*WHAT IS NEEDED*. What is needed is an exact reproduction of the lines from the one that contains "成立仪式上,南京市救助站团支" through the end of the data, both included and nothing else, with pictures omitted.

*THE DATA*.
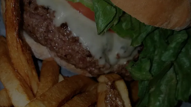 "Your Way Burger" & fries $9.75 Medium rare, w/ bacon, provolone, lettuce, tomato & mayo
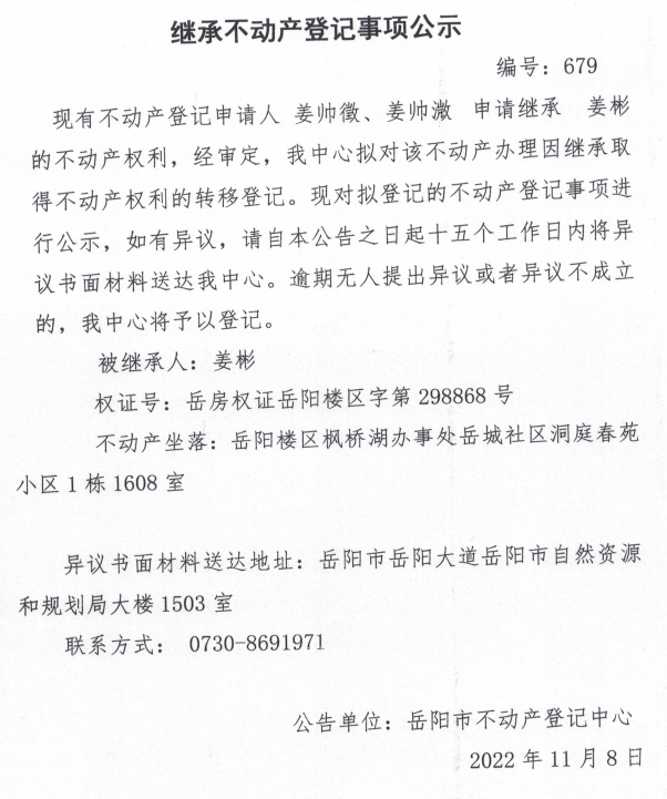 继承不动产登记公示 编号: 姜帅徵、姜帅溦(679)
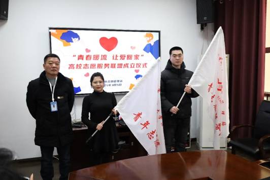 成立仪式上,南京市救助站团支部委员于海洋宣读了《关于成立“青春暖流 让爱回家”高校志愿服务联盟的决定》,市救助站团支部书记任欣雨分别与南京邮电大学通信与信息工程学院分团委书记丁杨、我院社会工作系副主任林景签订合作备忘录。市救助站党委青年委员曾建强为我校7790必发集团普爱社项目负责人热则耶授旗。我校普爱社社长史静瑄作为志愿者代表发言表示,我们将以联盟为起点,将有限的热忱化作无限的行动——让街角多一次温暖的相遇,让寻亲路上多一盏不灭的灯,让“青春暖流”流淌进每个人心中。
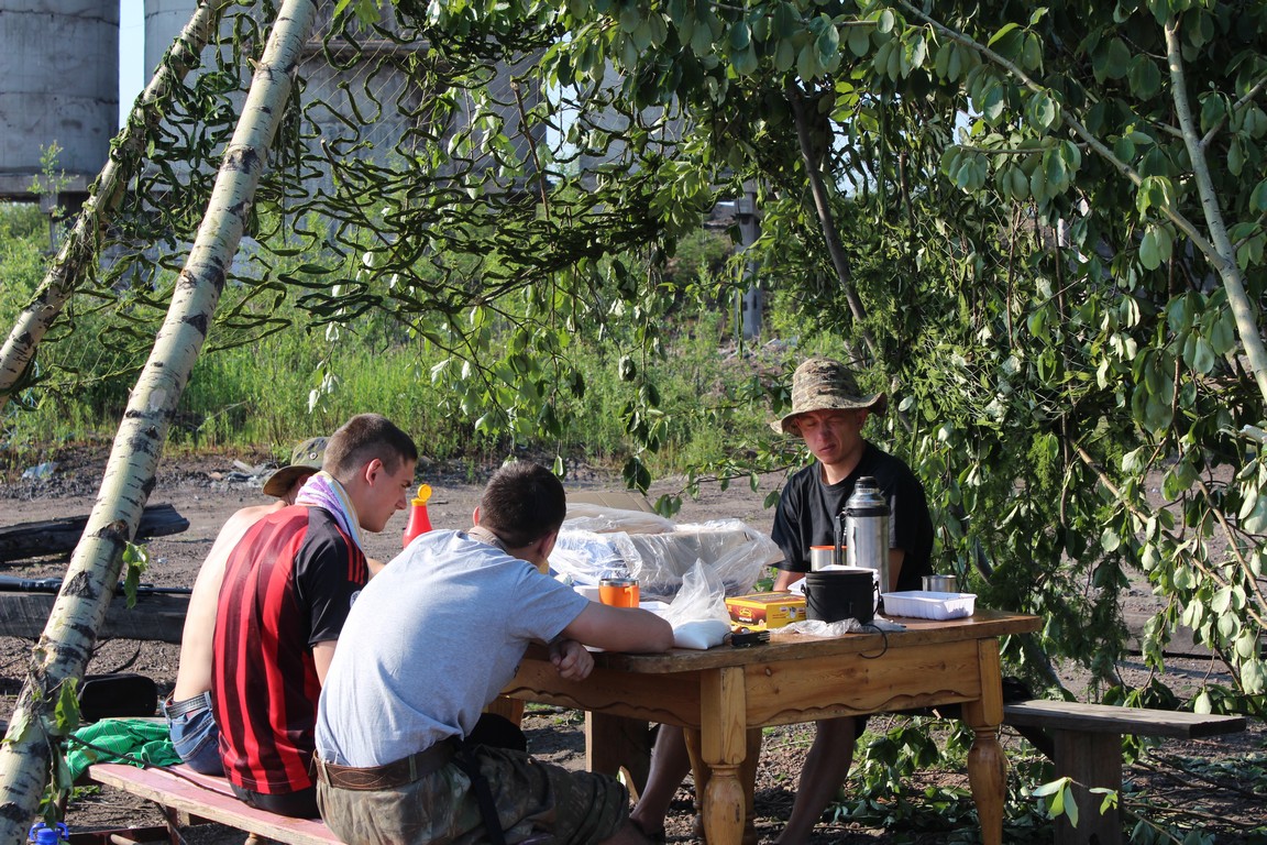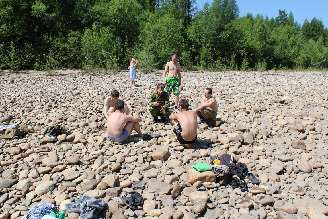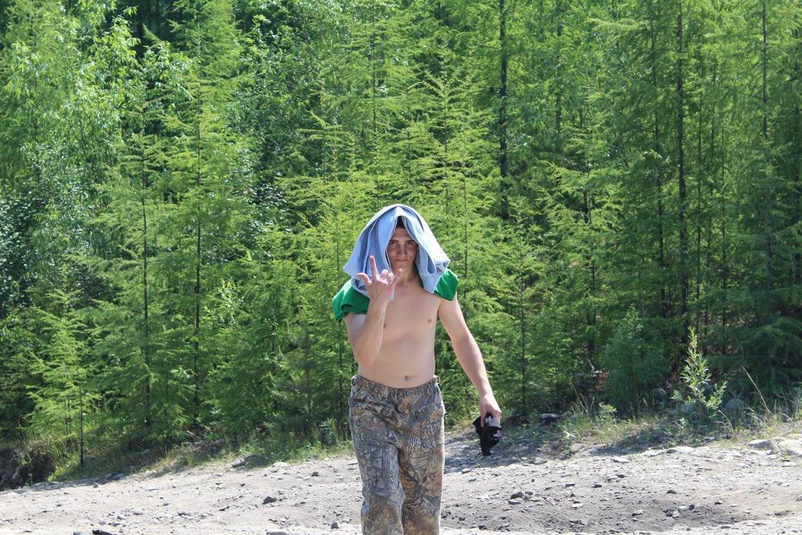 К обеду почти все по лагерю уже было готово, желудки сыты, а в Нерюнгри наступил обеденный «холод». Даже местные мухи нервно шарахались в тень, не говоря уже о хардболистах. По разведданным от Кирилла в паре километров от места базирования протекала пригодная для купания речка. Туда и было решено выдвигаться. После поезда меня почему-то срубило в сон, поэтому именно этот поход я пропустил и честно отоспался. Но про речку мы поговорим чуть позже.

*EXPECTED ANSWER*.
 成立仪式上,南京市救助站团支部委员于海洋宣读了《关于成立“青春暖流 让爱回家”高校志愿服务联盟的决定》,市救助站团支部书记任欣雨分别与南京邮电大学通信与信息工程学院分团委书记丁杨、我院社会工作系副主任林景签订合作备忘录。市救助站党委青年委员曾建强为我校7790必发集团普爱社项目负责人热则耶授旗。我校普爱社社长史静瑄作为志愿者代表发言表示,我们将以联盟为起点,将有限的热忱化作无限的行动——让街角多一次温暖的相遇,让寻亲路上多一盏不灭的灯,让“青春暖流”流淌进每个人心中。
 К обеду почти все по лагерю уже было готово, желудки сыты, а в Нерюнгри наступил обеденный «холод». Даже местные мухи нервно шарахались в тень, не говоря уже о хардболистах. По разведданным от Кирилла в паре километров от места базирования протекала пригодная для купания речка. Туда и было решено выдвигаться. После поезда меня почему-то срубило в сон, поэтому именно этот поход я пропустил и честно отоспался. Но про речку мы поговорим чуть позже.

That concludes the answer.